→ **Exercise brief**
Without copying any picture, transcribe exactly the lines of the data below from the one containing "- Hoá chất: Nước" through the one containing "LIFETIME Kidsrooms Stapelbed".

Start of Records for the task

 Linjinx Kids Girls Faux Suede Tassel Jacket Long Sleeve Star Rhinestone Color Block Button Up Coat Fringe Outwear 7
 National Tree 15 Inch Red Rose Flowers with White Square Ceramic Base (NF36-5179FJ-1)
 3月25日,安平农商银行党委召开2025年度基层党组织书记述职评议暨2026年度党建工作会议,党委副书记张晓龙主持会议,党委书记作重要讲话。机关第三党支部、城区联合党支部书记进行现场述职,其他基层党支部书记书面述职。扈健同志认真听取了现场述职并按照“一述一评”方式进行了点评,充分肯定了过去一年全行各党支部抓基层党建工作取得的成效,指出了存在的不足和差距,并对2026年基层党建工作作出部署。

End of Records for the task
Start of Records for the task

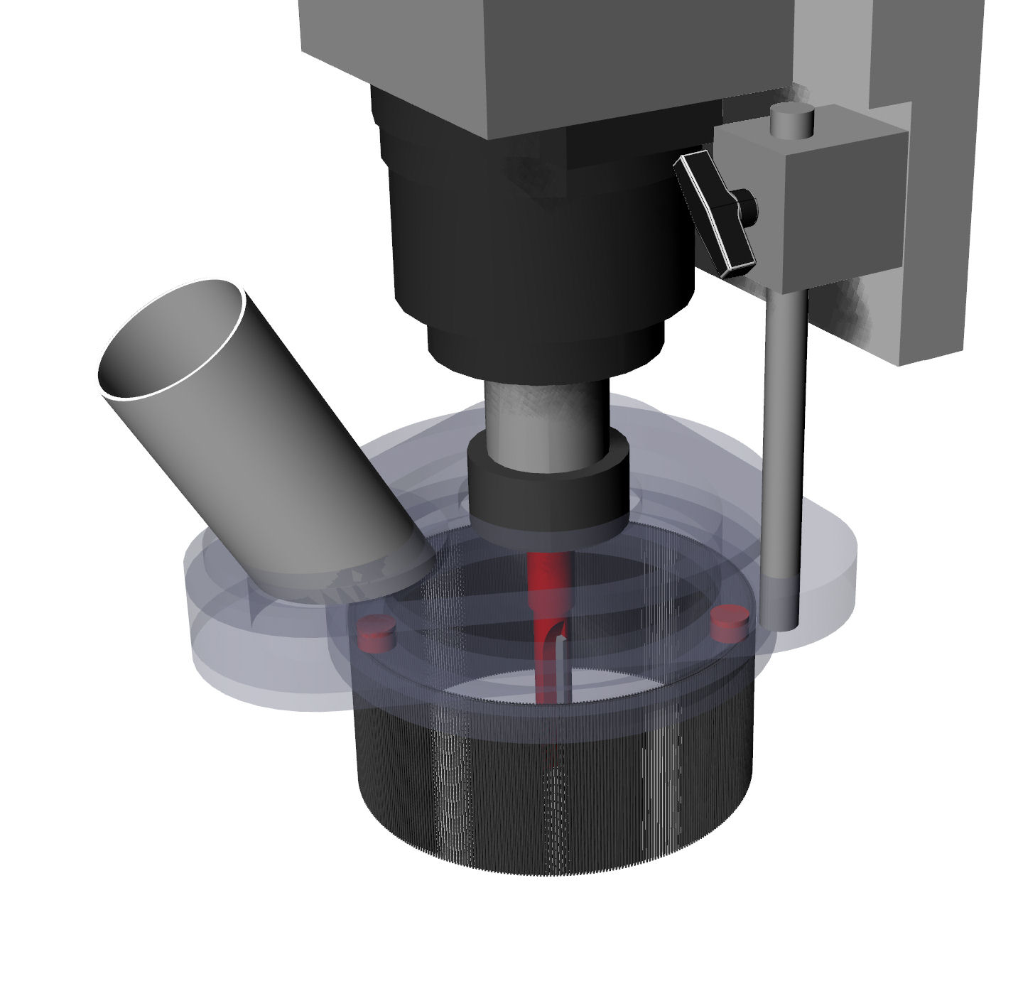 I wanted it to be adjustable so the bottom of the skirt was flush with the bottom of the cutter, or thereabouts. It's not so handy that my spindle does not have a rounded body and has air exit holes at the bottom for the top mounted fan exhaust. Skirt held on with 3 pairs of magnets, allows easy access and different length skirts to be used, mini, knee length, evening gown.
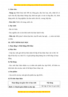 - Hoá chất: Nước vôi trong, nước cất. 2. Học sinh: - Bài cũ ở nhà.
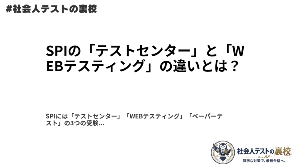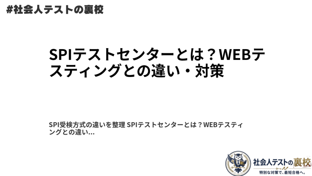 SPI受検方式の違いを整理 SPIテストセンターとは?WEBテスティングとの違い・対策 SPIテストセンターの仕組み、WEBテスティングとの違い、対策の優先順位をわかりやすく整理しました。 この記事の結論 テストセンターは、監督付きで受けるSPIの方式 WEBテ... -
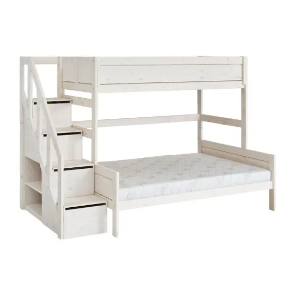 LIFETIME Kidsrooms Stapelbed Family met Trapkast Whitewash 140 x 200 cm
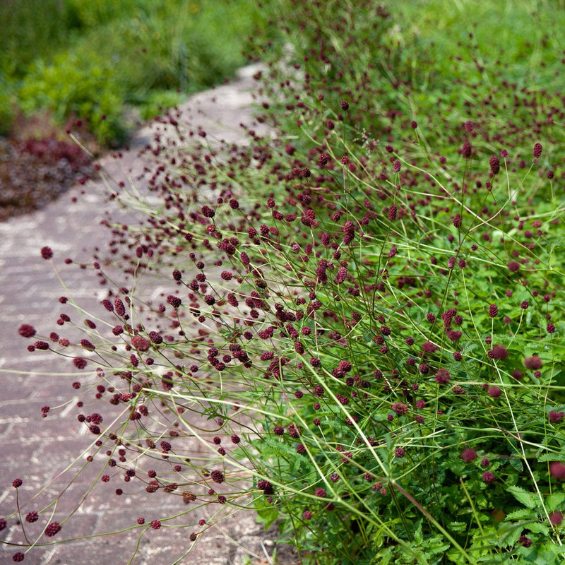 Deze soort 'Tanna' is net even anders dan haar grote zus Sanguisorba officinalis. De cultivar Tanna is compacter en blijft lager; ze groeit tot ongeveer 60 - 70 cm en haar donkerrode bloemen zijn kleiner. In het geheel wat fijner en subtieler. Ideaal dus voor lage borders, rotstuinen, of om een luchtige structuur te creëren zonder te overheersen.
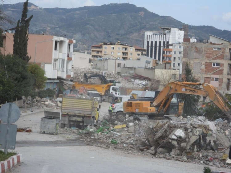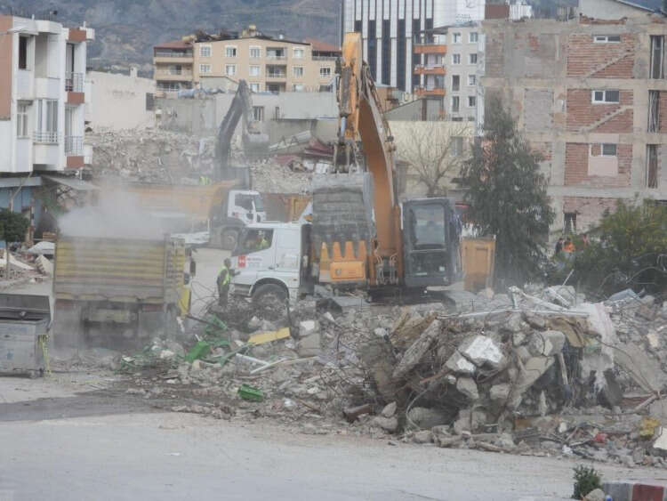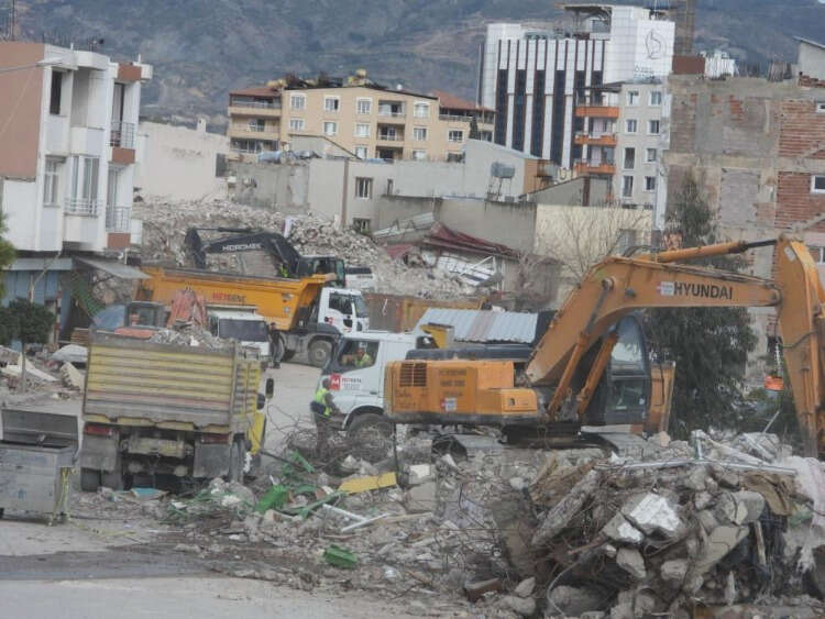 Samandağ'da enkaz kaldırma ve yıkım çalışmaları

End of Records for the task

→ **Reply to the exercise**
 - Hoá chất: Nước vôi trong, nước cất. 2. Học sinh: - Bài cũ ở nhà.
 SPI受検方式の違いを整理 SPIテストセンターとは?WEBテスティングとの違い・対策 SPIテストセンターの仕組み、WEBテスティングとの違い、対策の優先順位をわかりやすく整理しました。 この記事の結論 テストセンターは、監督付きで受けるSPIの方式 WEBテ... -
 LIFETIME Kidsrooms Stapelbed Family met Trapkast Whitewash 140 x 200 cm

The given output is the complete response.